Revelry and Retreat signals the start and end of the official duty day and serves as a ceremony for paying respect to the flag. It was originally a crusades-era French bugle call and was played at sunset. It signified the requirement of sentries to challenge personnel until sunrise and for Soldiers to return to their quarters.

For many years Retreat was not observed at Fort Rucker. In the summer of 2007, Aviation Branch Command Sgt. Maj. Tod L. Glidewell came to Fort Rucker. Glidewell says Retreat was not being observed in the proper manner during this time.

"There are many of our brothers and sisters who have fought long and hard for this nation who would love the opportunity to stand here and observe Retreat at the end of each day," said Glidewell. "But they have paid the ultimate sacrifice, and to be respectful you should stop, face the colors and observe the ceremony."

When Maj.

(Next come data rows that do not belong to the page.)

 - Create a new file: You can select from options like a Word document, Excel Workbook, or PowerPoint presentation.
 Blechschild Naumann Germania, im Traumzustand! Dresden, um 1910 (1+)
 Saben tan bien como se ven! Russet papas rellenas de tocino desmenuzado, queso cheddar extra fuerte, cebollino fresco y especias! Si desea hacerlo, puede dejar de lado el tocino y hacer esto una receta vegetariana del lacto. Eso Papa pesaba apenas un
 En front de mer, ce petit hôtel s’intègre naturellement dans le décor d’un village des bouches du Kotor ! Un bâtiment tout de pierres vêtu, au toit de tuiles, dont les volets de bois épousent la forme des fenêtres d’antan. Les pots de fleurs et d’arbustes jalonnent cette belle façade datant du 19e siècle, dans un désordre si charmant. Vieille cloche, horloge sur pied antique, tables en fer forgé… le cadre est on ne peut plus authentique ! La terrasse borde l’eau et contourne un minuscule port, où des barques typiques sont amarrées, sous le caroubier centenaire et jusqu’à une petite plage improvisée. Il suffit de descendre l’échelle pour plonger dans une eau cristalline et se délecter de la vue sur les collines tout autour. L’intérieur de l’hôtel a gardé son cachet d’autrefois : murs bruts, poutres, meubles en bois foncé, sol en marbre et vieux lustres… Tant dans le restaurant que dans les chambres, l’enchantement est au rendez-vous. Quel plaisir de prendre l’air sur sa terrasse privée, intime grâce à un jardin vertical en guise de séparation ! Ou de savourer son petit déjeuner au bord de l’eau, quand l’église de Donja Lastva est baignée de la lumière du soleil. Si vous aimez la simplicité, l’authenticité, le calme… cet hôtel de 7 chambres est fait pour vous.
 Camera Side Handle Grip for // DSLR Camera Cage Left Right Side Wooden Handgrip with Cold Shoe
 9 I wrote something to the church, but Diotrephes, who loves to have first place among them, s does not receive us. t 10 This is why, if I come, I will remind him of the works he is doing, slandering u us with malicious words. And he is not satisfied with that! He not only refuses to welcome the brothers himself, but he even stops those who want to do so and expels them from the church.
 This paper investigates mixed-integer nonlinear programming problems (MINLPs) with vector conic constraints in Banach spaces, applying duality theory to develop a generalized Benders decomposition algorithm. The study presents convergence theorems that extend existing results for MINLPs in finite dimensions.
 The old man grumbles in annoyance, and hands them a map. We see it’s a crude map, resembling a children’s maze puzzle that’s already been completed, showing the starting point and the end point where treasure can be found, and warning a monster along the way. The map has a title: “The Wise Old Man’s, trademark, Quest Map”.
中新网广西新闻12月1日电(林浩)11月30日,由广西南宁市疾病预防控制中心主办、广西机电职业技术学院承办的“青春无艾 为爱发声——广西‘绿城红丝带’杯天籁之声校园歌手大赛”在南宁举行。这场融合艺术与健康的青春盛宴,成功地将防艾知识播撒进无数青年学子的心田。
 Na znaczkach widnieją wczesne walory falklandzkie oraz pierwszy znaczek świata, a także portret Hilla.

Gen. Anthony G. Crutchfield, USAACE and Fort Rucker commanding general, took command, one of the many questions facing him was the observance of Revelry and Retreat. After explanation, Crutchfield gave the all clear to reinstate the tradition.

Jan. 18, Revelry and Retreat sounded once again at Fort Rucker after several months of training and securing a cannon. The tradition is upheld by volunteers from the Warrant Officer College and Noncommissioned Officers Academy.

"It is a piece of our history and, as noncommissioned officers, their primary job is to protect the history and heraldry the Army has and to pass it on to future generations," Glidewell said.

The military community was fully in support of reinstating Revelry and Retreat, especially noncommissioned officers and retiree's whom didn't understand why a tradition that meant so much to so many was discontinued, said Glidewell.

"Traditions are upheld, not necessarily because they have a purpose, but because it builds morale in the unit," said Walters. "Traditions reinforce us as an Army and as a unit; it brings people together at one moment every day."

Revelry is observed at 5:30 a.m. and Retreat is observed at 5 p.m. daily at Fort Rucker. When Retreat is sounded, a cannon is shot and "To the Colors" plays. Those within earshot of the music should immediately stop, get out of their car and salute. If non-military are in earshot they should stop, face the flag and stand at attention.

"Retreat not only has historical value, but the meaning of it, behind it and the reason we observe it are for those making sacrifices for our Army right now and throughout the years. It instills values and traditions that the Army holds," said Glidewell.

"Young Soldiers need to see traditions such as these so they can build in the spirit of them as they become the senior leaders of the Army," Walters added.